BEGIN STUDY MATERIAL
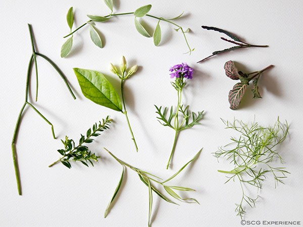 เลือกต้นไม้ที่มีใบละเอียดและมีดอกสีขาวสลับกับไม้ใบสีสดให้ความหลากหลายแต่ยังรู้สึกกลมกลืนกัน
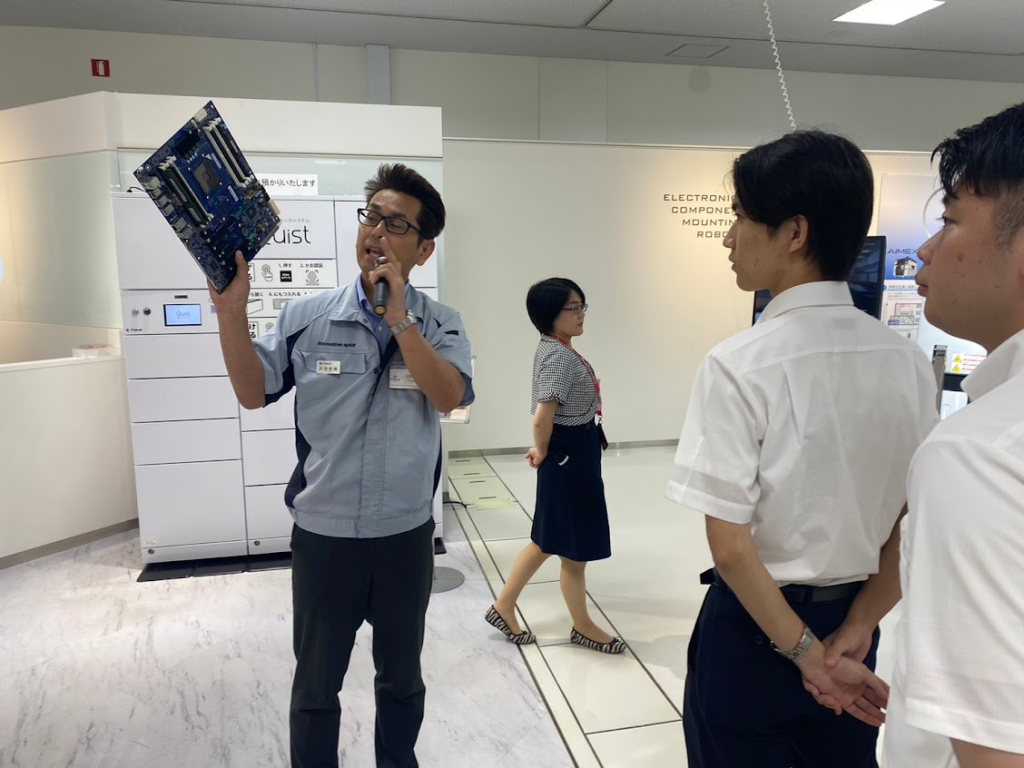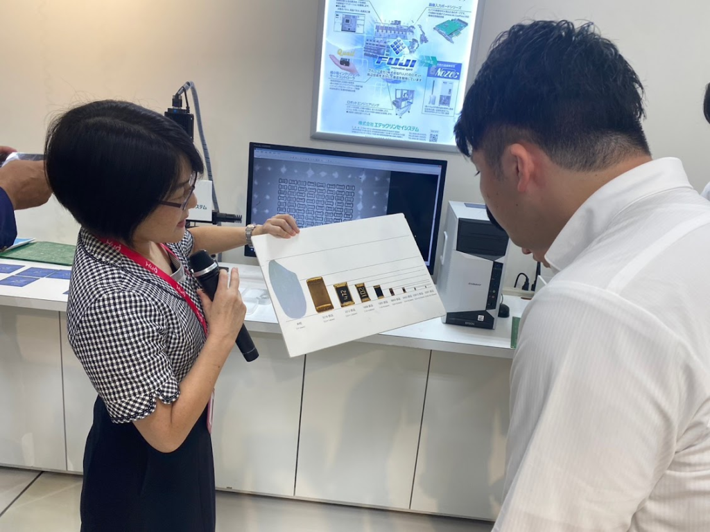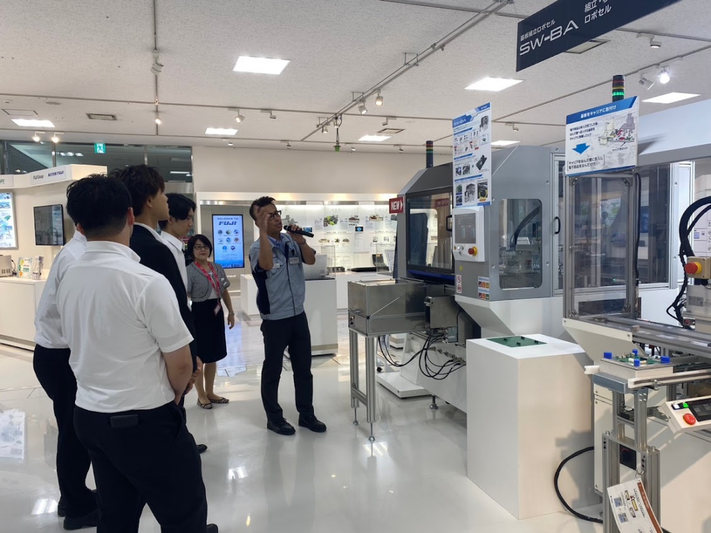 普段、私たちが使っている電子機器にはこれほどまでに細かく繊細な基板が入っていることに驚きました!ショールームにある機械は、どれもとても大きく迫力がすごかったです!大見様のおっしゃる通り、直接FUJIにお伺いし機械を見せていただかないとわからなかったことがたくさんありました!こうした機会を頂きありがとうございました!これからも発信を続けていきたいと思います!
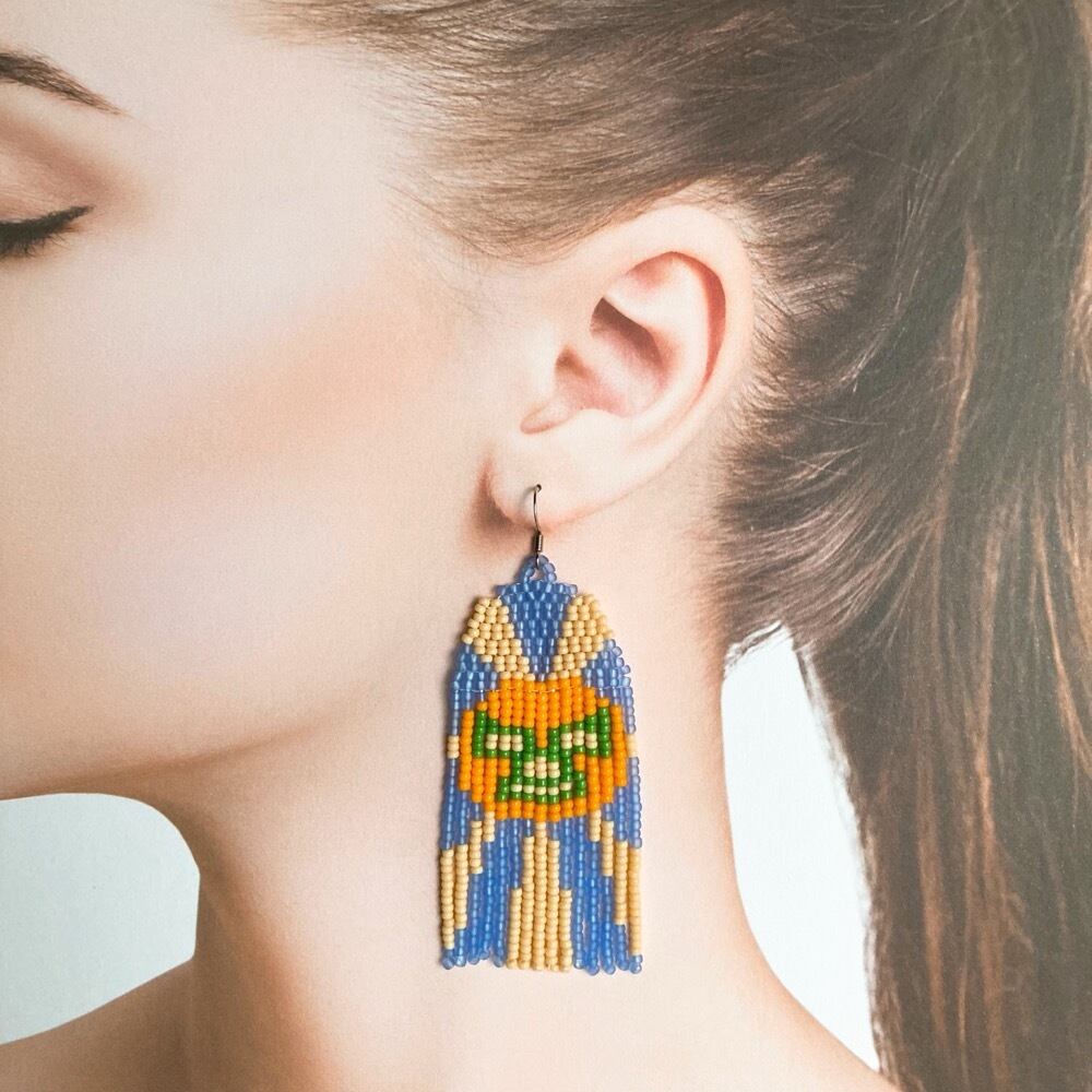 メキシコのプロレスラーのカラフルなマスクをフリンジピアスにしました♪
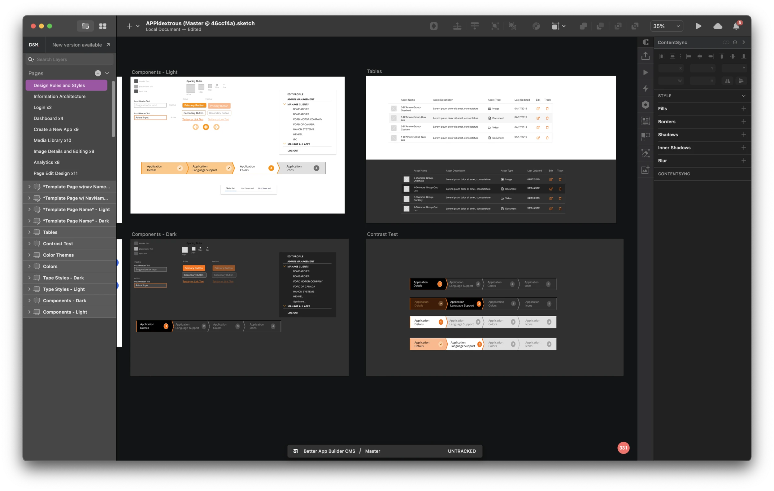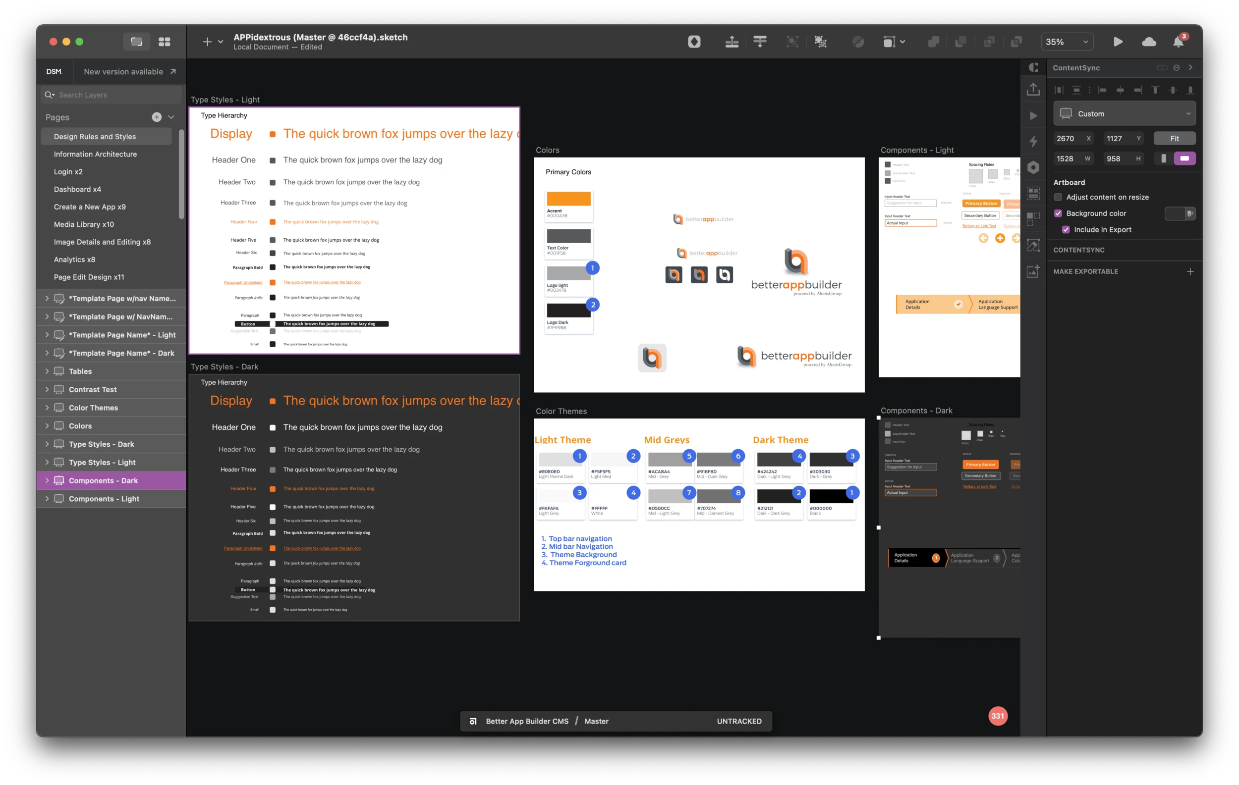 From the onboarding interviews with the development team, I learned they wanted limited deviations as the back-end was already built. The project manager wanted it to be visually appealing enough to show at trade events and loved the idea of a light and dark theme. From there, I started creating light and dark theme components and text styles with appropriate contrast.
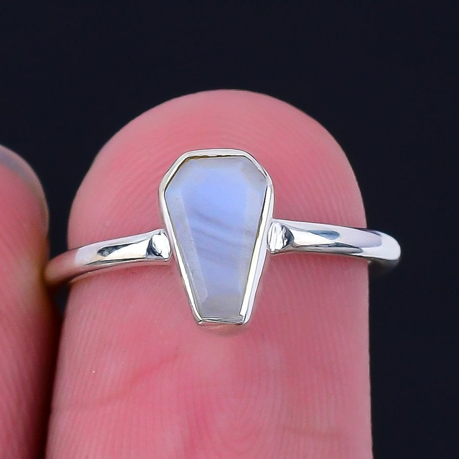 Natural Blue Lace Agate Solid Sterling Silver Boho Cluster Ring Jewelry Size 6
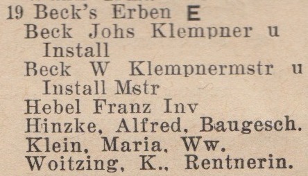 Willy Beck. Bauklempnerei. Książka telefoniczna z 1916 roku. Zbiory Mirosława Piskorskiego.
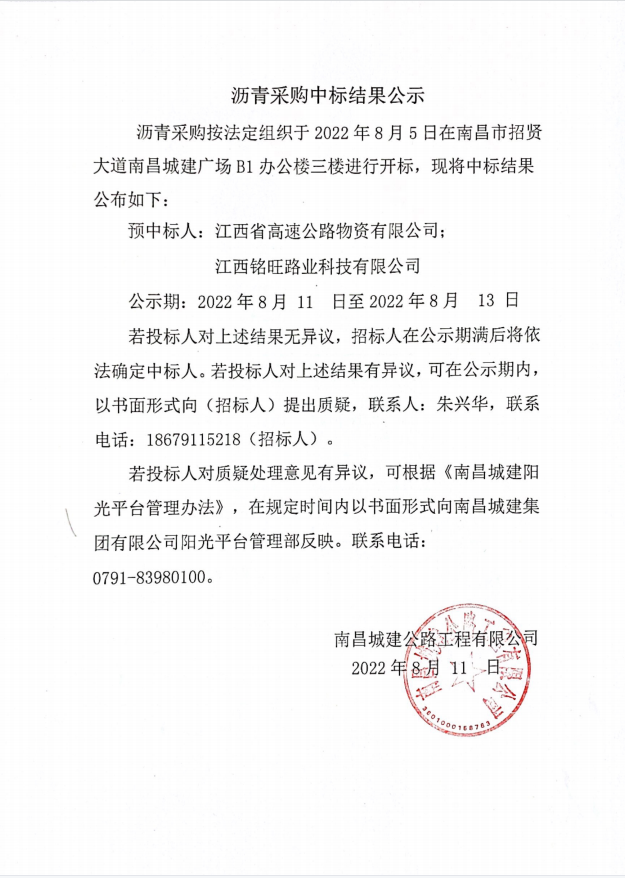 沥青采购按法定组织于2022年8月5日在南昌市招贤大道永利yl23411广场B1办公楼三楼进行开标,现将中标结果公布如下:
END STUDY MATERIAL
=== TRY IT ===
Beginning with the line that contains "Natural Blue Lace", output every line down to the last line of the entries above exactly as written, apart from the pictures.

=== TASK RESULT ===
 Natural Blue Lace Agate Solid Sterling Silver Boho Cluster Ring Jewelry Size 6
 Willy Beck. Bauklempnerei. Książka telefoniczna z 1916 roku. Zbiory Mirosława Piskorskiego.
 沥青采购按法定组织于2022年8月5日在南昌市招贤大道永利yl23411广场B1办公楼三楼进行开标,现将中标结果公布如下:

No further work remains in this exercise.